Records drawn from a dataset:
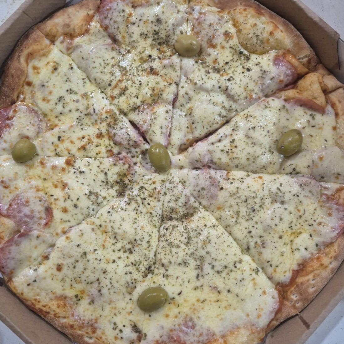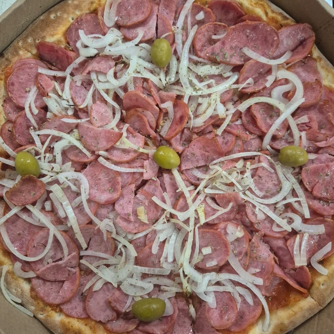 Molho de tomate, Calabresa fatiada, mussarela derretida, oregano e azeitonas
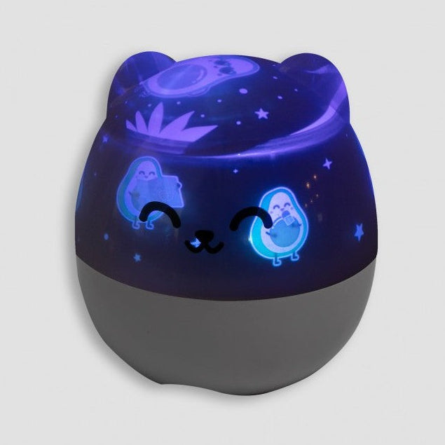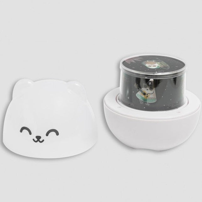 Proyector de luz con forma de un divertido personaje Mr. Wonderful. Proyecta una escena espacial imaginada por nuestro equipo de diseño.
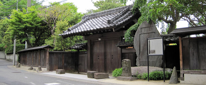 「久本薬医門公園」は江戸時代後期から地元で代々診療所を開いていた旧・岡家跡地が整備され、2007年に公園としてオープン。 この門の高さを高くとっているのは、往診の際、馬に乗ったまま門を通れるようにしたためだという。 |
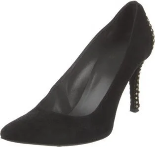 Stuart Weitzman Suede Pumps Black Round-Toes with Studded Accents Designer Fit: This designer typically runs true to size. Read more
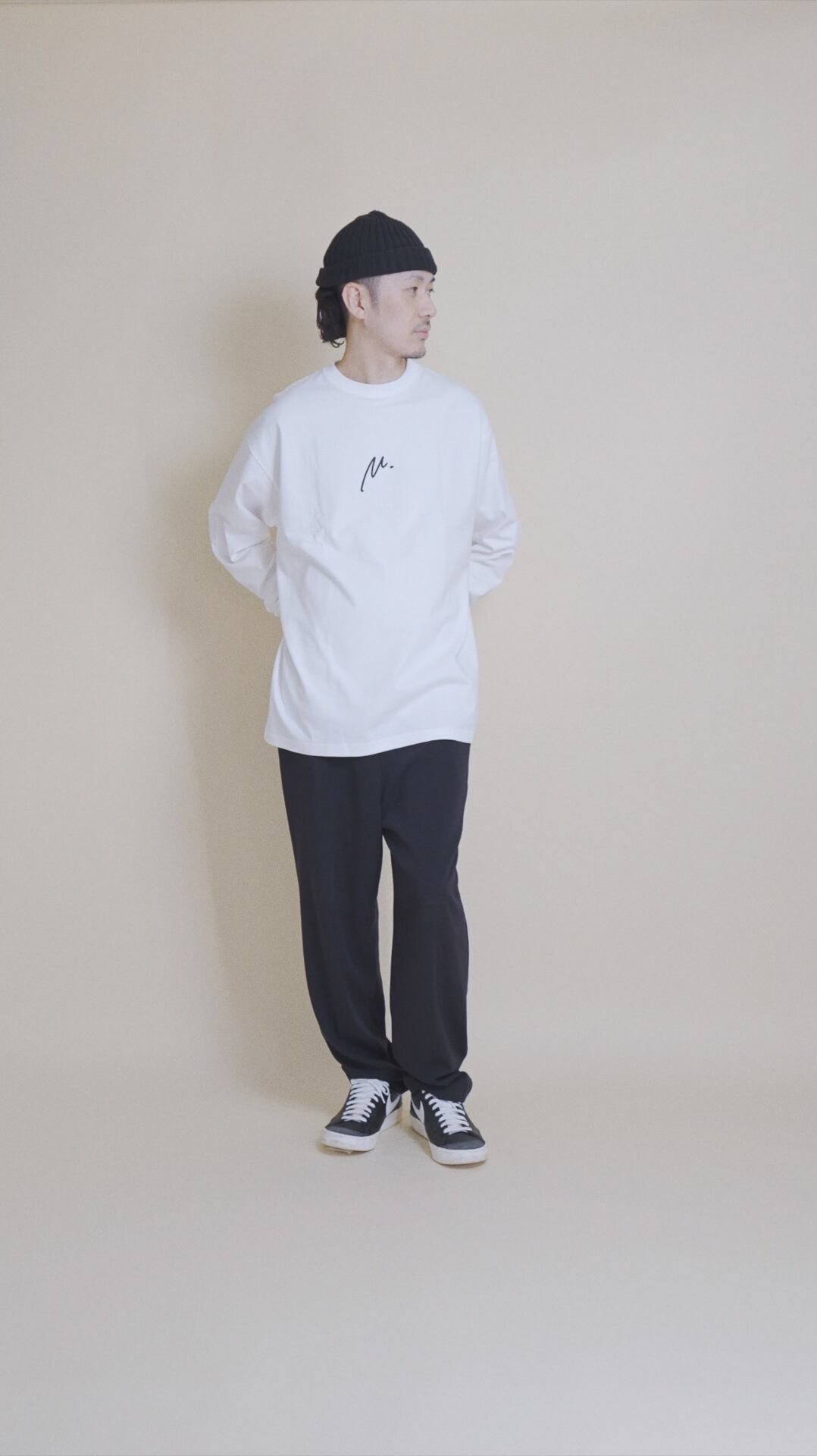 フロントイラストの半袖Tシャツと雰囲気を変え、ロンTはフロントにポイントになるイニシャル“M-”、お花とスニーカーのイラストはバックプリントにし、両面プリントのクールなデザイン。こちらもモノトーンコーデでも華やかにきまる一枚!
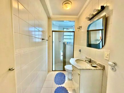 A área íntima conta com 3 dormitórios amplos, todos com armários embutidos em madeira nobre, além de 3 banheiros. Dispõe ainda de lavabo e copa, trazendo praticidade ao dia a dia.
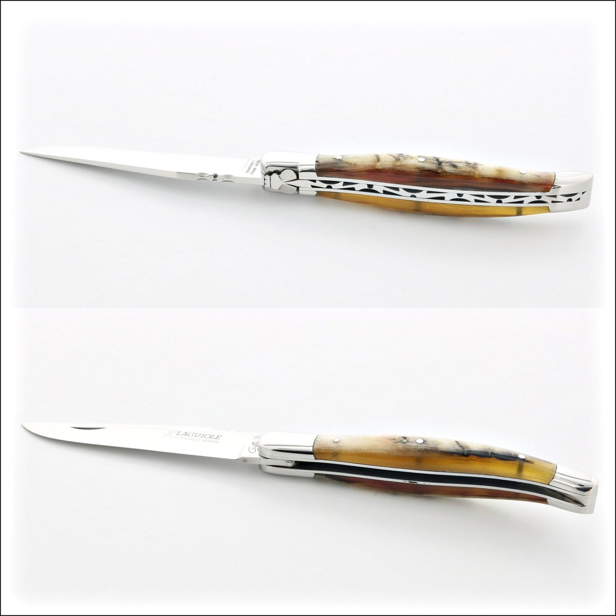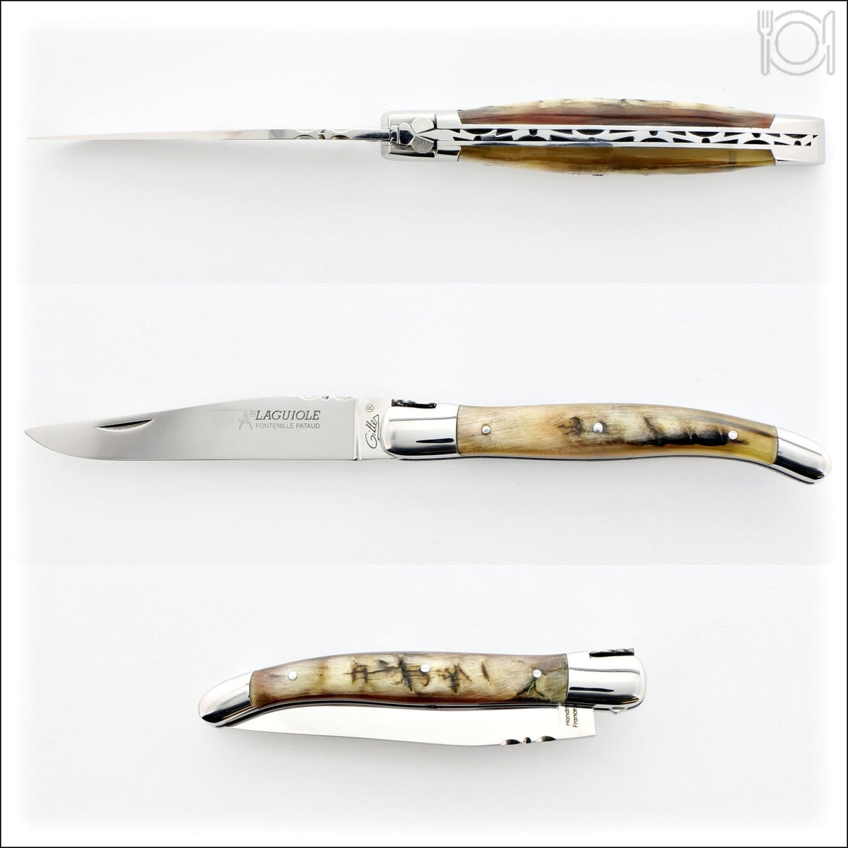 The Laguiole knife originated in Laguiole, France in the early 1820s. Later, its manufacturing was moved to the city of Thiers, France, which was more industrialized. This knife was crafted entirely by hand in Thiers, known as Europe's cutlery capital. The collection of "Gilles®" Fontenille Pataud knives is widely regarded as some of the finest French pocket knives available for purchase.

EXERCISE DESCRIPTION
Write out the records above in full and exactly, with no pictures.

ANSWER SPACE
 Molho de tomate, Calabresa fatiada, mussarela derretida, oregano e azeitonas
 Proyector de luz con forma de un divertido personaje Mr. Wonderful. Proyecta una escena espacial imaginada por nuestro equipo de diseño.
 「久本薬医門公園」は江戸時代後期から地元で代々診療所を開いていた旧・岡家跡地が整備され、2007年に公園としてオープン。 この門の高さを高くとっているのは、往診の際、馬に乗ったまま門を通れるようにしたためだという。 |
 Stuart Weitzman Suede Pumps Black Round-Toes with Studded Accents Designer Fit: This designer typically runs true to size. Read more
 フロントイラストの半袖Tシャツと雰囲気を変え、ロンTはフロントにポイントになるイニシャル“M-”、お花とスニーカーのイラストはバックプリントにし、両面プリントのクールなデザイン。こちらもモノトーンコーデでも華やかにきまる一枚!
 A área íntima conta com 3 dormitórios amplos, todos com armários embutidos em madeira nobre, além de 3 banheiros. Dispõe ainda de lavabo e copa, trazendo praticidade ao dia a dia.
 The Laguiole knife originated in Laguiole, France in the early 1820s. Later, its manufacturing was moved to the city of Thiers, France, which was more industrialized. This knife was crafted entirely by hand in Thiers, known as Europe's cutlery capital. The collection of "Gilles®" Fontenille Pataud knives is widely regarded as some of the finest French pocket knives available for purchase.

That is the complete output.